No, this is not an authentic recipe. No, I don’t know if the Chinese eat venison at all. I DO know that this is a recipe that uses venison in its purest form, seared and deliciously rare. It also incorporates Asian flavors like fresh ginger, garlic, sesame, red pepper flakes and soy sauce that compliment the meat. That is VERY important. Like most of my dishes, this one has evolved. It started out as a recipe from a friend who prepared it using beef for her family. It required the dredging of beef strips in flour and flash-frying. If you prefer it that way, go ahead.
You will need:
one venison tenderloin, cleaned of sinew and fashia
salt & pepper mix
1 bunch broccoli crowns
2 handfuls sugar snap peas
1 bunch chives, green parts chopped in 1 inch slices (cut on the diagonal if you want it to look pretty and if you’re O.C.D. like I am)
2 tbsp. chopped garlic
Preheat oven to 350°. Season tenderloin liberally with salt & pepper mix. Add oil to the bottom of a deep cast iron skillet.and heat oil on high. Sear tenderloin on all sides until beautifully crusted.

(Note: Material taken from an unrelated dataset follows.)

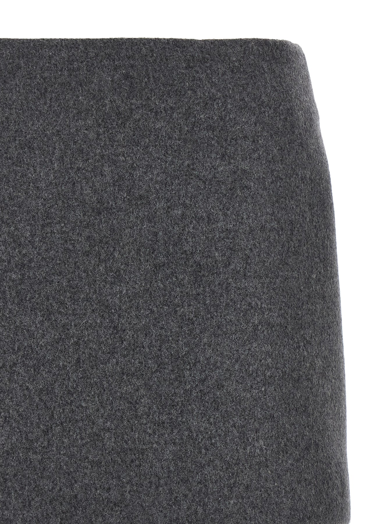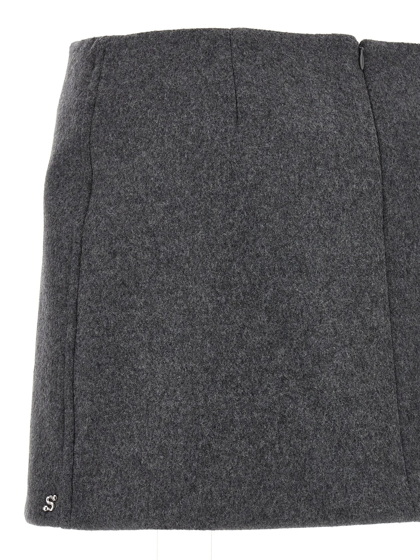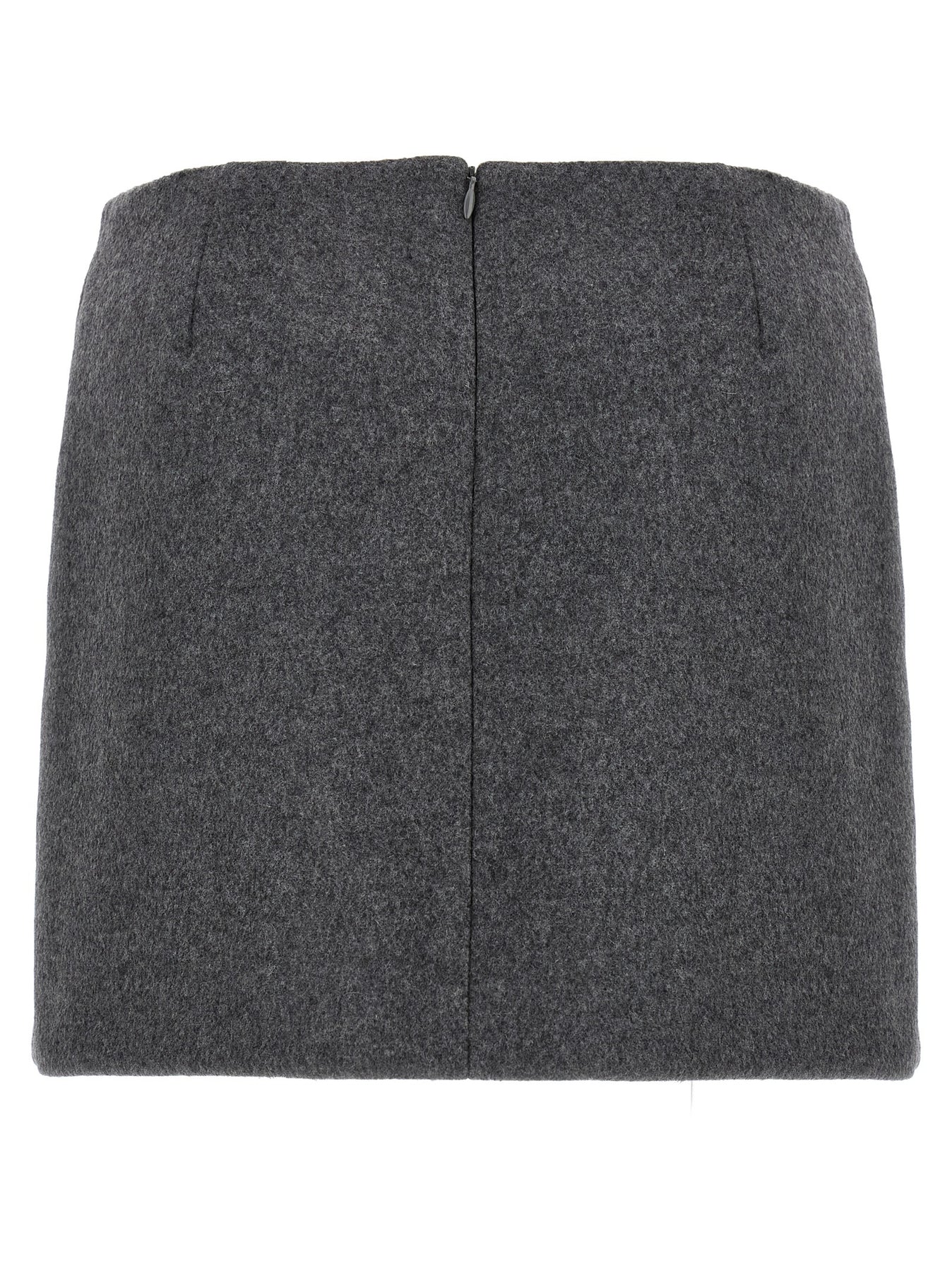 'Poggio' mini skirt in wool mélange, front metal logo, back zip closure, lining.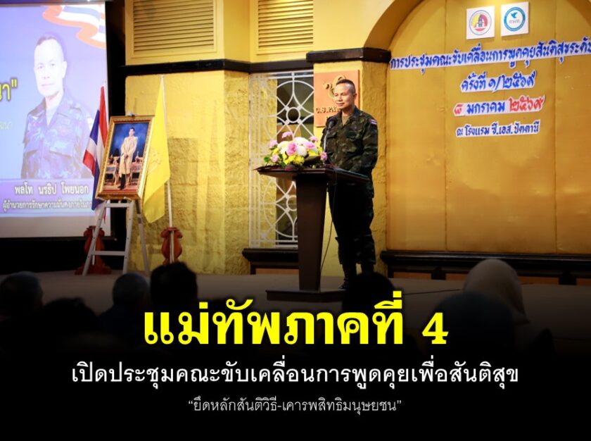 เมื่อวันที่ 8 มกราคม 2569 ณ โรงแรมซี.เอส. ปัตตานี พลโท นรธิป โพยนอก แม่ทัพภาคที่ 4 ในฐานะผู้อำนวยการรักษาความมั่นคงภายในภาค 4 เป็นประธานเปิดการประชุมคณะขับเคลื่อนการพูดคุยเพื่อสันติสุขระดับพื้นที่ (คพท.) ครั้งที่ 1 ประจำปี 2569 โดยมี พลตรีชาคริต อุจะรัตน รองแม่ทัพภาคที่4 , นางพาตีเมาะ สะดียามู ผู้ว่าราชการจังหวัดปัตตานี , พันเอก อุทัย รุ่งสังข์ รองผู้อำนวยการศูนย์สันติวิธี , พันเอก สรรัศมิ์ นิลสลับ รองผู้บังคับการกองกำลังทหารพรานจังหวัดชายแดนภาคใต้ , พันตำรวจเอกสนธยา ธูปทอง รองผู้บังคับการตำรวจภูธรจังหวัดปัตตานี และผู้แทนจากหน่วยงานรัฐ ผู้นำศาสนา ผู้นำท้องถิ่น และภาคประชาชนเข้าร่วมอย่างคับคั่ง โดยในการประชุมได้มีการกล่าวถึง การมุ่งเน้นยุทธศาสตร์สร้างสภาวะแวดล้อมที่เอื้อต่อการดับไฟใต้ด้วยแนวทางสันติวิธีอย่างยั่งยืน

Place in oven-safe dish and bake for 10-15 minutes. While meat rests, steam broccoli and sugar snap peas just until tender crisp, about 15 minutes.
In the same cast iron skillet, saute′ garlic and chives.
In 2-cup jar, combine and shake:
1 3/4 cups beef stock
2 tbsp. brown sugar
1 1/2 tbsp. chopped fresh ginger
1/4 cup soy sauce
2 tbsp. corn starch
Sprinkling of red pepper flakes
Sprinkling of sesame seeds
Add steamed veggies and red pepper flakes . Continue stirring until sauce thickens. Add sliced tenderloin. Stir to coat with sauce. Add red pepper flakes and sesame seeds. Serve over rice. Enjoy.